As I mediate, I stand with the point of my nose touching a surface that is black as night. The surface is like a wall that extends as far as I can see in all directions. If I only look forward, there is only this black. If I look side to side, I can still see some of the world outside of this black in my peripherals. I can see some light and non-black colors reflected on its surface. This is at the beginning. For as I breathe, with my eyes focused forward, looking “at” the black, I start to see “into” the black. Then my nose starts to permeate the black surface, as I take long, deep, and even breaths. The non-black colors in my peripherals narrow on each side of my field of vision until my eyes are completely submerged in the black. My nostrils and mouth and breathing are also in the black now.
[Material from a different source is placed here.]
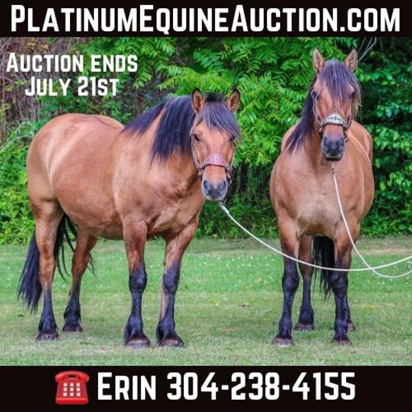 ONLINE AUCTION Place your bids at www.PlatinumEquineAuction.com Starting Bid $3500 Auction ends July 21st, 2024 Need a new saddle? Check out White Rock Saddles on our website or Facebook! YOU ARE BIDDING ON THE PAIR (2 HORSES FOR 1 PRICE) This is “THELMA & LOUISE”, a super versatile, unique, well broke, and pretty team of FJORD QUARTER HORSE CROSSBRED MARES that are full sisters. They are 7 and 8 years old standing 15.1hh. These mares are both extra gentle, anyone can ride or drive them, and they are both friendly and personable. They are thick made with lots of muscle, heart, and style. They have been hitched to all farm machinery and work double or single. They have been shown in the hitch classes in womens pleasure. They have been used on a ranch for wagon rides, they have been in the holiday parades, and on overnight camping trips. They trail ride for any level rider and have been ridden by small children. They move out nice, stop on whoa, back up, and have no issues. They both load, haul, bathe, stand tied to be harnessed, hitched, and groomed, and they are well mannered. This team is traffic safe, super dependable, and ride and drive the same EVERY trip out of the barn. These mares have also been in the unicorn hitch and will work in any position. If you want a super rare team of Fjord crossbred mares, don’t miss out. They are sure footed, fun to ride, easy to drive, and calm. LOcated in Flemingsburg, KY. Contact HH Horses Erin 304-238-4155. ONLINE AUCTION Place your bids at www.PlatinumEquineAuction.com Starting Bid $3500 Auction ends July 21st, 2024 Need a new saddle? Check out White Rock Saddles on our website or Facebook!

My whole focus becomes this black world that is beyond the surface, like it is to see the surface of water from far away and only be able to see it as a sheet of one color, until you are submerged beyond the surface and see all the sea life and depth underneath which contribute to the surface color. In the black I start to see mirages – abstract shapes of varying colors and textures, often moving off into one direction and eventually out of sight, like odd, slow shooting stars. I am not sure whether these are real or just my mind playing tricks on me. Perhaps memory scars of the lighted world that I left behind the black surface. I strive to step deeper into the black, but it is a viscous atmosphere, even more so than sludge, like rock that I can only move through very slowly, and by remaining focused on my breath. Otherwise, if I began to lose focus, I am pulled back out of the black. Sometimes I teeter back and forth, on the verge of the black, at the point where my eyes are just on the surface, and some of the lighted world remains on my peripherals. I wonder what it would be like to step all the way into the black and then turn completely around, so that instead of looking into the black from the outside, I would be looking back out at the colored world from the inside, with my nose pressed against the surface of a multi-colored world. But that would take much focus and time, to step into the black world and turn completely around. It might take days of meditation.